RB Lache Seastrunk, Baylor

Baylor is undefeated, but is on the outside looking in when it comes to the National Title discussion. Why? They haven't played anyone that impresses the computers or the voters with their two toughest opponents thus far being Kansas State and Oklahoma. Seastrunk is an exciting talent, averaging 8.7 yards per carry in 2013, but against the Wildcats and Sooners, he failed to reach the 100-yard plateau and didn't find the end zone – the only two times this season he didn't accomplish either feat. Seastrunk has gashed struggling defenses, but has also struggled against the only two semi-legitimate defenses he has seen this season. Against Oklahoma last Thursday, he recorded just 19 yards on six carries before leaving the game due to a groin sprain. Seastrunk runs low to the ground with terrific balance and sharp start/stop action, but relies too much on east-west runs and doesn't have ideal vision, drawbacks that have stood out against the Wildcats and Sooners. Hopefully the injury doesn't hamper Seastrunk down the stretch, but it's something to watch.

Other Draft notes:

A senior who was having a strong senior season, Texas DT Chris Whaley is done for the year after suffering an undisclosed knee injury in the first quarter Saturday. A former running back, he was a late bloomer and was one of the positive surprises for the Longhorns on defense in 2013, recording 25 tackles, 5.0 tackles for loss, 2.0 sacks and two defensive touchdowns.

Known as a leader in the huddle, Whaley is an active, athletic player who made it a habit of penetrating the backfield this season. Listed at 6-3 and 295 pounds, he was an undrafted free agent entering the season, but his impressive senior campaign put him in the third day discussion.
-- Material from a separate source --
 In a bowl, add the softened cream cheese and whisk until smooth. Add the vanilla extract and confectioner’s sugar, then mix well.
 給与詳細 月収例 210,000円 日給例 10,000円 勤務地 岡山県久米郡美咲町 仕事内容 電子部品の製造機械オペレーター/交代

However, the severity of his knee injury will determine his draft stock from here. Sophomore RB Johnathan Gray, who is not draft-eligible, was also lost for the season due to an Achilles injury.

There might not be a more disruptive defensive player in college football than UCLA LB Anthony Barr. But Saturday against Arizona, he was held without a tackle, sack or any notch on the stat sheet for the first time since he moved to the defensive side of the ball last year. However, that doesn't mean he didn't have a strong influence on the game.
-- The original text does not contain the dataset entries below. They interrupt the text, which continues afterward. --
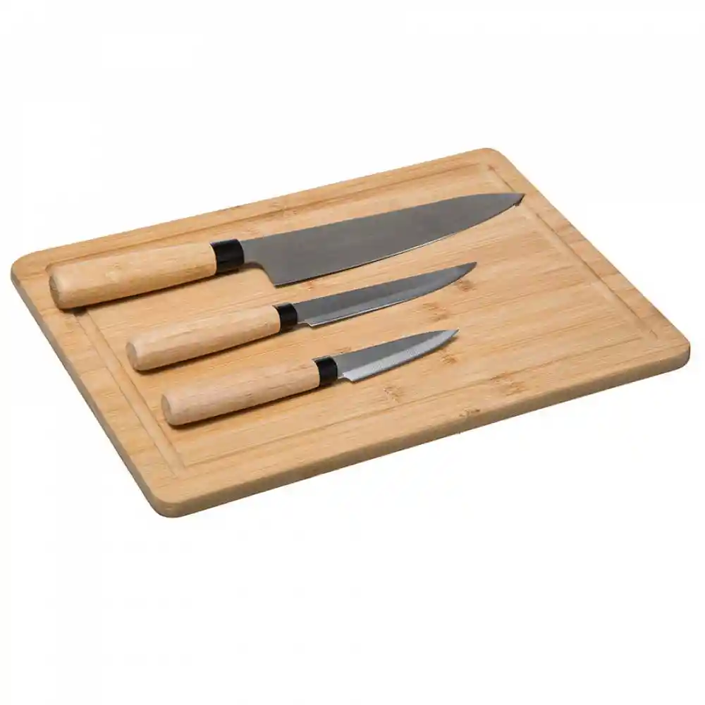 Pack tabla de cortar y 3 cuchillos. Pack de tabla de cortar de bambú con 3 cuchillos con mango de bambú y hoja...Ver más
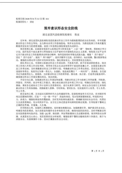 / 2020.08.12湖北省团风县检察院检察长张亚:筑牢意识形态安全防线
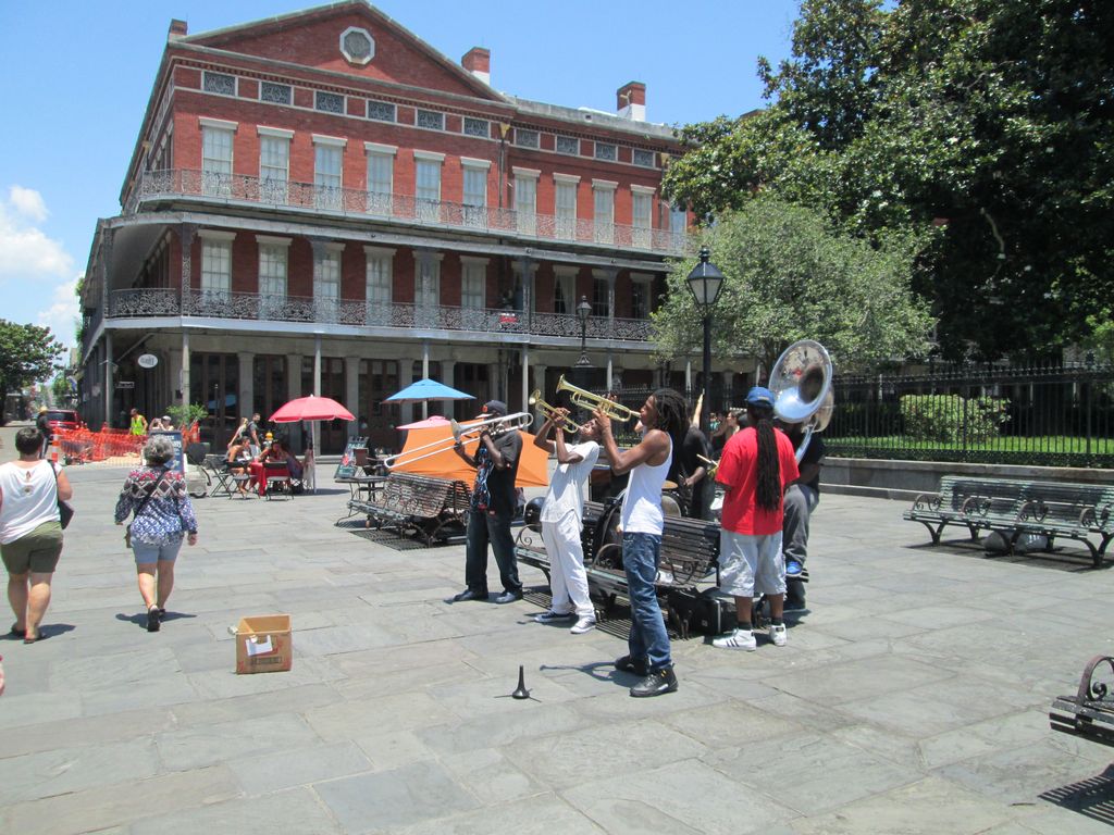 Timpuriu prima orchestră apărând prin anii 1890. Dar formaţia credidată ca fiind ”inventatoarea” acestui magnific gen muzical este ”The Red Hot Peppers” care în 1902 propunea acest nou sunet muzical. Începutul secolului XX era foarte intens muzical la New Orleans. Se cânta peste tot, în baruri, restaurante, străzi dar mai ales în Storyville Jazz Salon amplasat în cartierul cu acelaşi nume. Era de fapt un loc al moravurilor libere, stabilimentele în care se produceau muzicienii fiind denumite ”bordellos” sau mai pudic ”săli de sport”. Popularitatea jazz-ului este în creştere, iar ca o picanterie muzicienii cântau după un paravan aşa că performanţele sportivilor erau ferite de ochii curioşi ai artiştilor. Şi muzica a curs decenii prin instrumentele unor nume sonore care au dat strălucire genului şi s-au afirmat aici: unicul Louis Armstrong şi trompeta sa fermecată, Oscar ”Papa” Celestin şi clasica deja compoziţie din 1911 ”Down by the Riverside”, Papa Jack’ Dixieland Jazz Band care a fost prima formaţie ce a înregistrat primul single de vinil în 1917, şi impresionanta Mahalia Jasckson (gospel). Dar 1917 aduce cu sine nu doar participarea americanilor la primul război mondial ci şi închiderea cartierului ”cu credinţă albastră” şi magnificile sale orchestre. Muzicienii se risipesc, îşi caută alte drumuri în întreaga Americă. Cei mai mulţi se îndreaptă spre Chicago şi New York şi da, pe nave, cântând pentru pasagerii vremii, una dintre ele fiind celebra navă cu zbaturi Natchez care face călătorii turistice pe Mississippi. Muzica e la fel de copleşitoare şi azi pentru că fascinaţia nu are vârstă iar dansul, ne-am convins în două din croazierele noastre, continuă să fie, aici la New Orleans, centrul de atracţie pentru tinerii îndrăgostiţi de o lume ce merită descoperită în permanenţă. Celebra Piaţă Congo face parte azi din Parcul Armstrong, complet refăcut după ravagiile uraganului Katrina, dominat de statuia muzicianului.

Much like Souther Carolina DE Jadeveon Clowney, Barr's overall impact can't simply be felt in the stat sheet as he saw frequent double-teams and even caused some holding calls with his athletic motor and power to rip through blocks. Barr's performance on Saturday is just another example of why a player's ability shouldn't be directly tied to production.

Sticking with UCLA's talented roster, the performance by freshman RB/LB Myles Jack against Arizona on Saturday night was nothing short of dominant, on offense and defense. He started at linebacker and tallied eight total tackles, including one for loss, a fumble recovery and two pass break-ups.

But with the Bruins running back position depleted due to injury, Jack also saw time in the backfield, averaging an impressive 20 yards per rush. He finished with six carries for 120 yards, including a 66-yard touchdown run that proved to be the difference in UCLA's victory. A Washington-native, Jack is only a true freshman, but definitely a name to watch moving forward.